Reading the combine
The NFL Scouting Combine puts draft prospects through a battery of athletic tests: the 40-yard dash, the vertical leap, the broad jump, the 3-cone agility drill, and the 225-pound bench press for reps. Each number tells a small story about speed, explosion, agility, or strength. This tool collapses those separate measurements into a single composite percentile so you can compare athletes at a glance.
How it works
Every drill is mapped to a 0 to 100 percentile against an approximate combine reference range. Higher-is-better events use:
percentile = (value - low) / (high - low) * 100
while lower-is-better events like the 40-yard dash and 3-cone are inverted so that a faster time earns a higher score.
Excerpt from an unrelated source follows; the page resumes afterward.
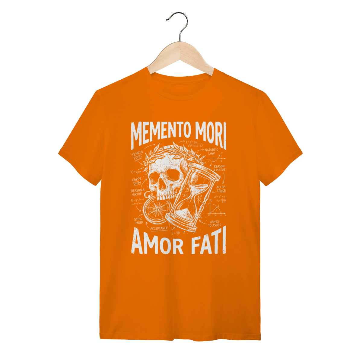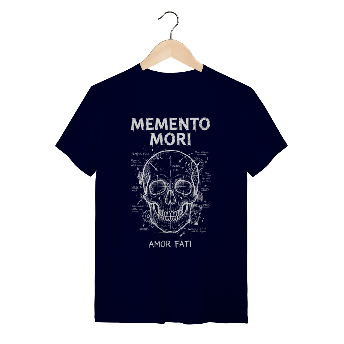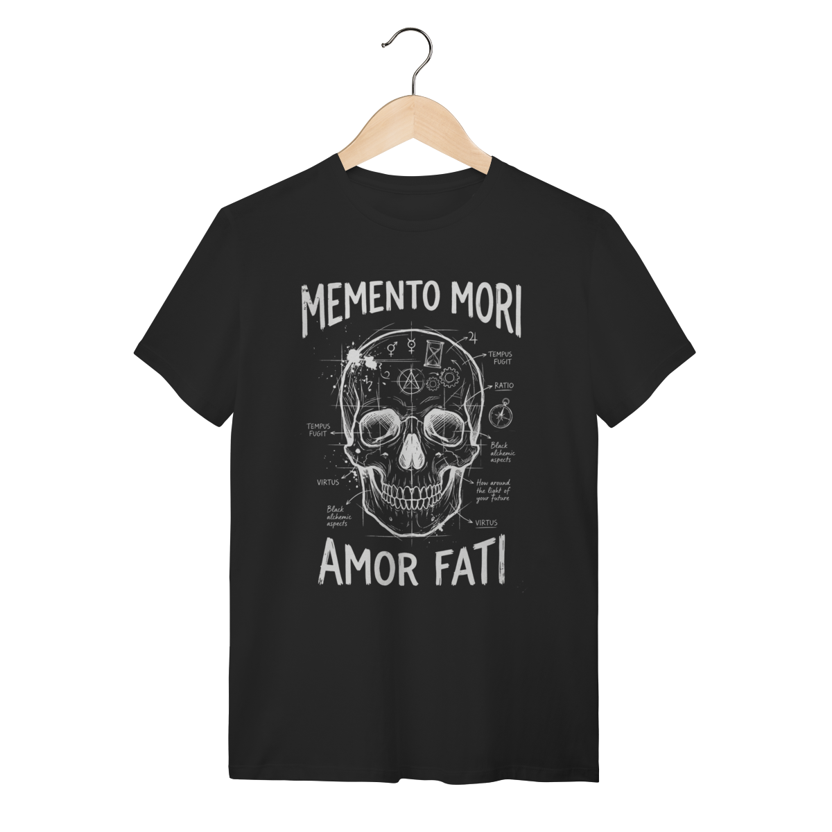 A estampa traz uma composição visual impactante com a estética de "esboço renascentista" ou diagrama técnico (blueprint). A ilustração central da caveira (símbolo da finitude humana) conecta-se com a ampulheta (o tempo inexorável) através de anotações, setas e linhas geométricas que lembram os estudos de Da Vinci. O traço texturizado estilo "giz" ou bico de pena confere um ar intelectual, transformando um conceito filosófico profundo em uma obra de arte vestível e sofisticada.
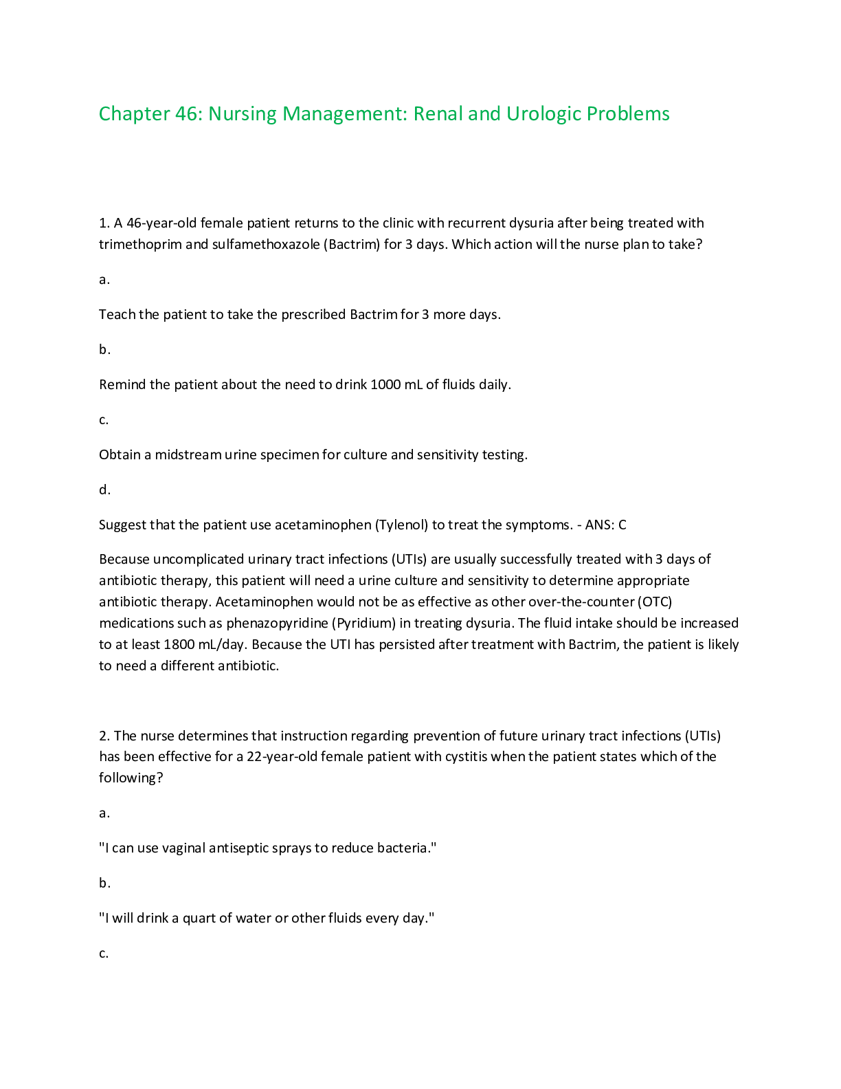 Education > EXAM > Chapter 46 Nursing Management Renal and Urologic Problems (All)

For example, a 4.30-second 40 scores near 100 and a 5.30 scores near 0. The composite is simply the average of whichever drills you entered, clamped to the 0 to 100 range, and then mapped to a grade from below average to elite.
Tips and caveats
The most important caveat is that the combine measures athleticism, not football. A defensive back can run a blazing 40 and still struggle to read routes, while a slower receiver with great hands and timing can outproduce flashier testers. Use the per-drill breakdown to spot a prospect’s athletic profile: a high vertical and broad jump signal lower-body explosion, a fast 3-cone signals change-of-direction agility, and bench reps speak to functional strength. Because the tool weights all drills equally, weigh the events that matter most for the position when you interpret the result. Leave any skipped drill blank and it drops out of the average cleanly.